= Edra Toth =

Hungarian-American ballet dancer (born 1952)

Edra Toth (born September 18, 1952) is a Hungarian-American ballet dancer who studied under E. Virginia Williams with the Boston Ballet. Edra Toth came to the United States in 1956 as a Hungarian refugee and grew up in Boston, MA.

At sixteen years old, Toth danced as a prima ballerina with Ivan Nagy for the 1969 Boston Ballet production of Giselle at Jacob's Pillow Dance Festival. Throughout Toth's career with the Boston Ballet, she danced in multiple principal roles such as the Sugar Plum Fairy in The Nutcracker, Aurora in Sleeping Beauty, and Odette in Swan Lake. In 1971, Toth partnered with New York City Ballet's Edward Villella as she danced the role of Odette, and he as Siegfried, for a Boston Ballet performance.

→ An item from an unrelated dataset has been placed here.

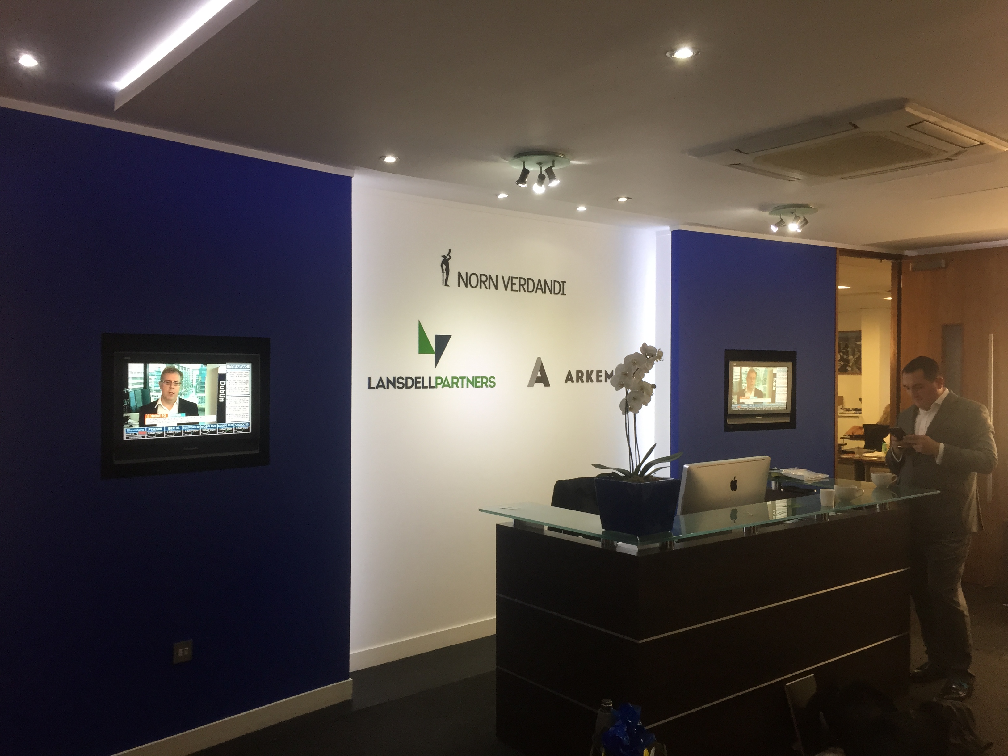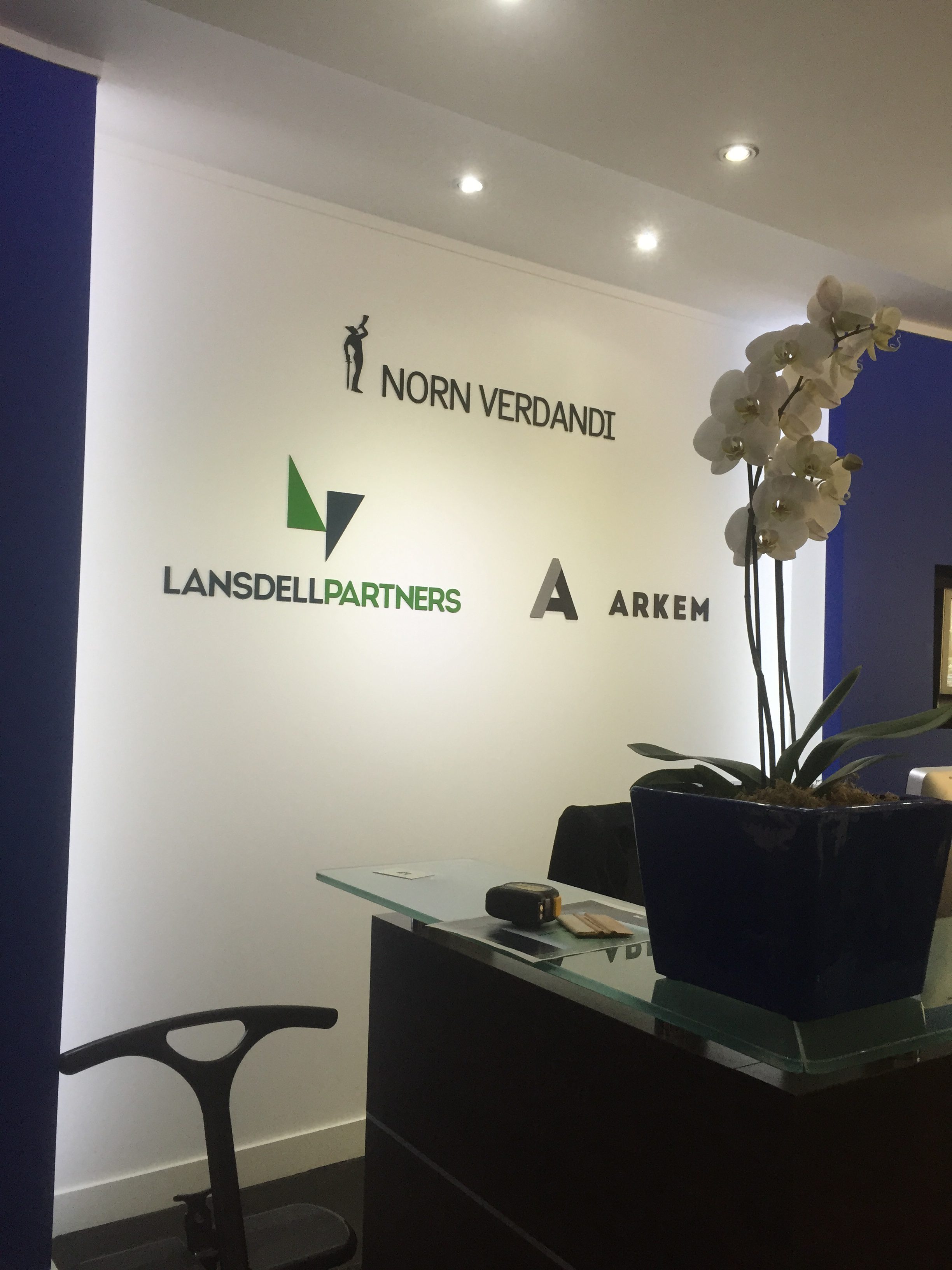 Raised Reception Letters Raised reception letters depicting corporate group logos bonded directly to reception wall. Corporate SignsReception signsOffice Signs Share this sign

As a Boston Ballet principal dancer, Toth also performed in other companies' productions. In 1971, she danced the role of Juliet for Nicolas Petrov and the Pittsburgh Ballet Theatre's first production of Romeo and Juliet. And, in 1973, Toth danced in the S. Hurok Presents production of Apollo and Les Sylphides where she performed pas de deux with Rudolph Nureyev. After she left Boston Ballet, Toth danced with the Boston Repertory Ballet founded by Samuel Kurkjian.

Toth founded several ballet schools throughout her career beginning with New England Ballet where she specialized her instruction using the Bournonville method. In 2002, Edra Toth began the Edra Toth Academy of Dance & Music in Wolfeboro, New Hampshire and Dover, New Hampshire.

Toth resides in New Hampshire and teaches ballet students as well as directs and choreographs ballets for the Northeastern Ballet Theatre.